SEOUL - Recent advances in artificial intelligence (AI) technology have raised the specter of mass displacement in labor markets. Blue-collar factory and construction jobs are no longer the only ones at risk of being taken over by machines: A wide range of professional and service jobs have become newly vulnerable as well.

In the United States, up to 47 percent of all jobs could be automated away in the coming years. So, is the world headed toward economic devastation, or will this era of job destruction also bring comparable levels of job creation?

Innovation’s impact on employment depends on the ratio between its displacement and compensation effects. The type of innovation is important too. The answer to the question of whether generative AI (GenAI) - including large language models like ChatGPT-4 - will be good for workers depends in large part on whether it leads to more innovation in products or processes.

Product innovation - the introduction of a new or updated good - tends to have a significant compensation effect as demand for the new product and the associated jobs grow. To be sure, product innovation can reduce employment via the so-called business-stealing effect (BSE), in which one firm’s innovation in a sector leads to job losses among its competitors.
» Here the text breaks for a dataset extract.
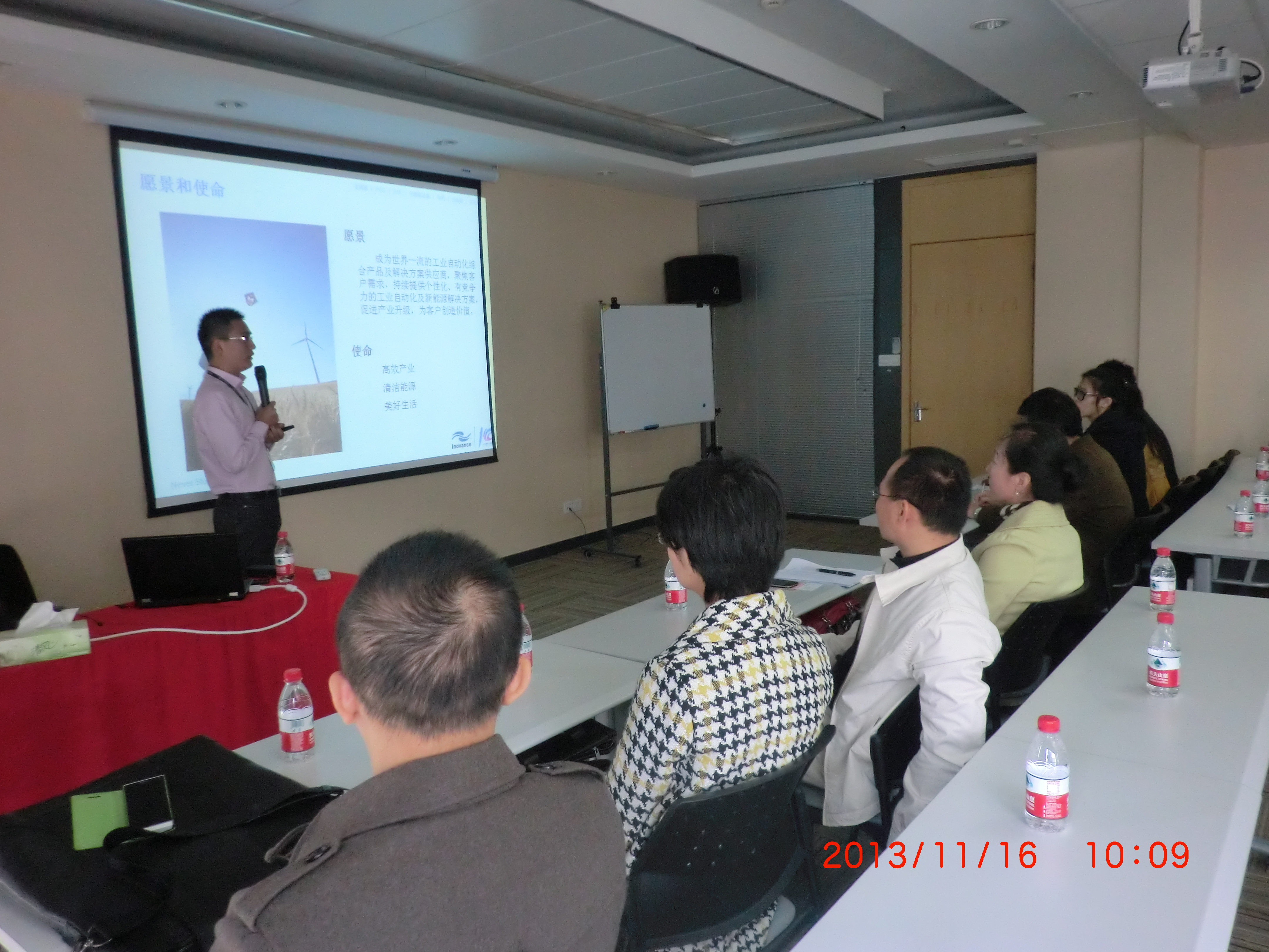 学院刘闯副院长给汇川公司参与座谈会的员工代表介绍学校的相关情况

This effect is unlikely to persist, however, because sooner or later laggards embrace or imitate their competitors’ product innovations.

This diffusion of product innovations could restore - or even boost - overall employment in the sector. Once a large enough share of firms has adopted innovations, the upward trend in employment will flatten - but often at a higher level than where it began. The long-term net effect of product innovation on employment is thus likely to be positive.